Second paper on AI-generated content soon 

Following its proposal for a compulsory blanket-licensing model for AI training data, the DPIIT-led committee is set to release a second working paper within two months.

India's DPIIT Panel to Issue Second AI Paper on Authorship and Copyrightability of AI-Generated Content
India's DPIIT Panel to Issue Second AI Paper on Authorship and Copyrightability of AI-Generated Content

After recommending a compulsory blanket-licensing regime for training AI systems in its first working paper, the government panel is set to release a second working paper on authorship and copyrightability of AI-generated content, in the next two months, a senior government official said on Thursday.

Addressing AI Authorship

The official said the committee’s work on the forthcoming paper will analyse the copyrightability of machine-generated works, the boundaries of authorship and the extent to which human intervention, such as prompting can be treated as creative labour.

This is described as a natural progression from the first working paper, which dealt exclusively with the use of copyrighted content in AI training.

The group spearheading this was constituted on April 28 this year by the Department for Promotion of Industry and Internal Trade (DPIIT). The eight-member panel is headed by Additional Secretary Himani Pande and includes lawyers, academics and industry representatives.

“The same committee will continue to work on the second working paper which will be on copyrightability of the AI generated works and their operations,” Pande said while speaking to reporters.

Retrospective Royalty Framework

The first paper, unveiled earlier this week, proposed a “One Nation, One Licence, One Payment” model that mandates a blanket licence for AI developers over all lawfully accessed copyrighted works. The committee argued that creators have been left uncompensated even as large AI models routinely ingest their work, while AI firms insist that any restriction on training data risks undermining model accuracy and amplifying bias.

To resolve these competing pressures, the working paper extends blanket access to AI companies but requires them to share a portion of future revenues with creators. Currently, the official said that the Ministry of Electronics & IT (MeitY) is also in board and involved in the consultation process.

A key feature of the proposal is its retrospective application to payment obligations. Even if a model was trained before the legal framework comes into force, the AI developer would still be liable to pay royalties once the tool is commercialised. The official justified this approach by noting that once the revenue and the economic benefit is derived from the copyrighted content after deployment, the possibility is that it is largely trained on previous datasets. By contrast, the lawful-access requirement will not apply retrospectively.

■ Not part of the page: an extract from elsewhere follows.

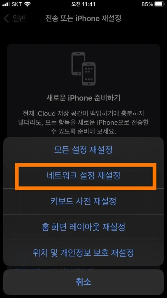 • 설정 → 일반 → 재설정 → 네트워크 설정 재설정 (모든 와이파이, 블루투스 연결 정보가 초기화됩니다.)

Government officials said that the system relies on coarse-level data disclosures rather than granular dataset reporting. AI firms would have to reveal only the proportion of literary, artistic, audio visual or other categories of content used in training. If a creator disputes an AI company’s declaration, the burden of proof shifts to the developer.

The committee believes that these reforms cannot be implemented immediately. Any operationalisation will require amendments to the Copyright Act, followed by the creation of Copyright Remuneration Collective for AI Training (CRCAT) and the sector-wise collective management structures. Members cautioned that this is a long process, alongside describing the framework as a necessary step to remain competitive in the global AI race.

This article was first uploaded on December eleven, twenty twenty-five, at one minutes past eleven in the night.